─── DATA SHOWN
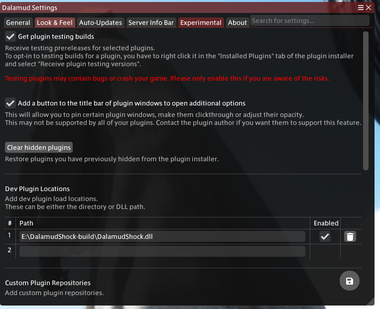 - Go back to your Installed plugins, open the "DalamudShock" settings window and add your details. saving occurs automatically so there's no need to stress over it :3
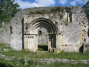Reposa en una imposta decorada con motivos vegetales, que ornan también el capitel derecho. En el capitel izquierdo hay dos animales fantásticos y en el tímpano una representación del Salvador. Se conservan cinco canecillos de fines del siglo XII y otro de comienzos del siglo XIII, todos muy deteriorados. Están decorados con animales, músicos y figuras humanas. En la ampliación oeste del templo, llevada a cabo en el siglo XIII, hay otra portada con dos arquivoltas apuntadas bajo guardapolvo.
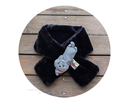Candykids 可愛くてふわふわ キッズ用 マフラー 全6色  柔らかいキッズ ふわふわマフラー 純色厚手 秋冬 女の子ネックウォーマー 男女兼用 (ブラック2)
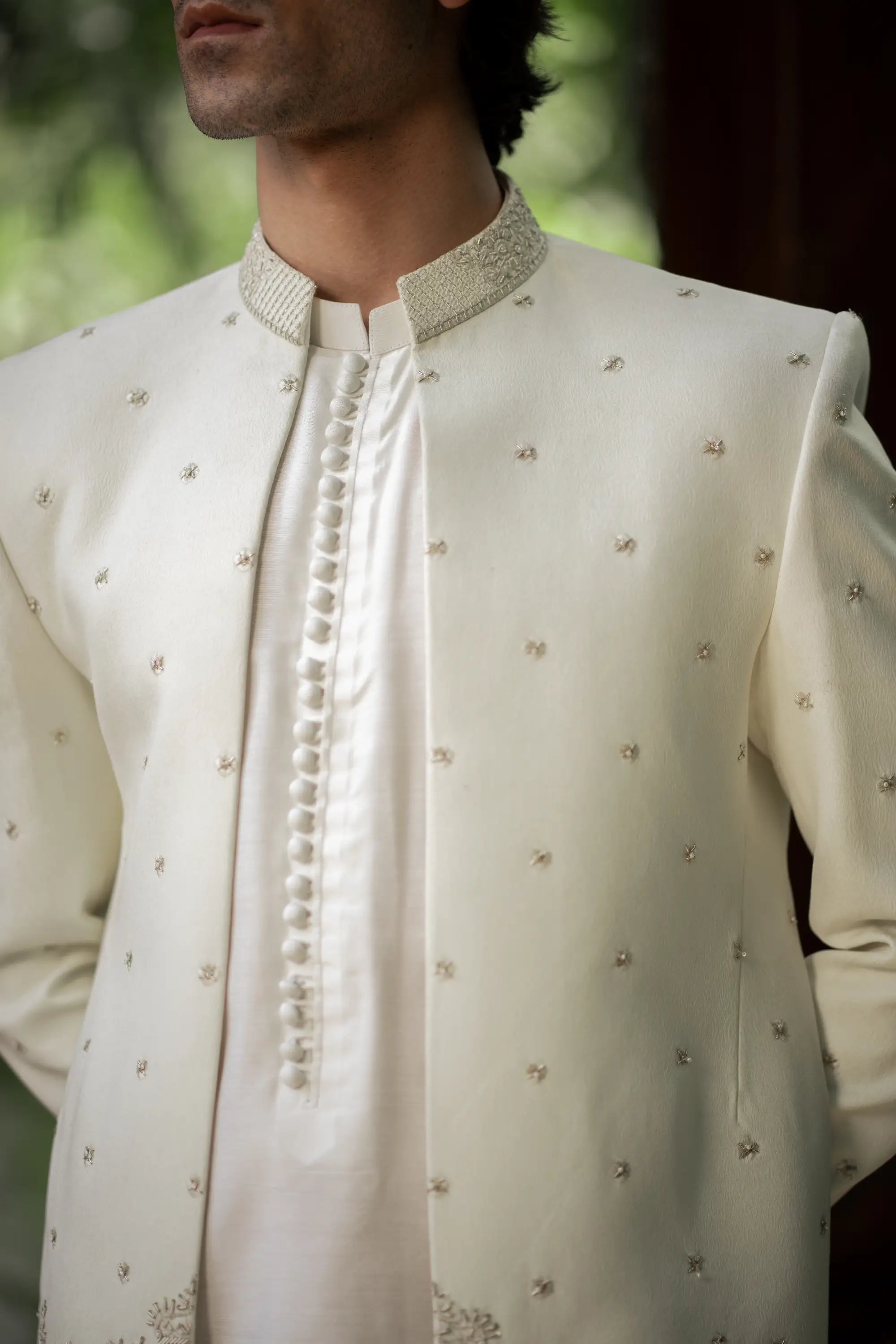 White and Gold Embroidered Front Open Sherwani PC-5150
──────
**WHAT THE EXERCISE ASKS:** Restate the data word for word and exclude every picture.

**SOLUTION TO THE PROBLEM:**
 - Go back to your Installed plugins, open the "DalamudShock" settings window and add your details. saving occurs automatically so there's no need to stress over it :3
Reposa en una imposta decorada con motivos vegetales, que ornan también el capitel derecho. En el capitel izquierdo hay dos animales fantásticos y en el tímpano una representación del Salvador. Se conservan cinco canecillos de fines del siglo XII y otro de comienzos del siglo XIII, todos muy deteriorados. Están decorados con animales, músicos y figuras humanas. En la ampliación oeste del templo, llevada a cabo en el siglo XIII, hay otra portada con dos arquivoltas apuntadas bajo guardapolvo.
Candykids 可愛くてふわふわ キッズ用 マフラー 全6色  柔らかいキッズ ふわふわマフラー 純色厚手 秋冬 女の子ネックウォーマー 男女兼用 (ブラック2)
 White and Gold Embroidered Front Open Sherwani PC-5150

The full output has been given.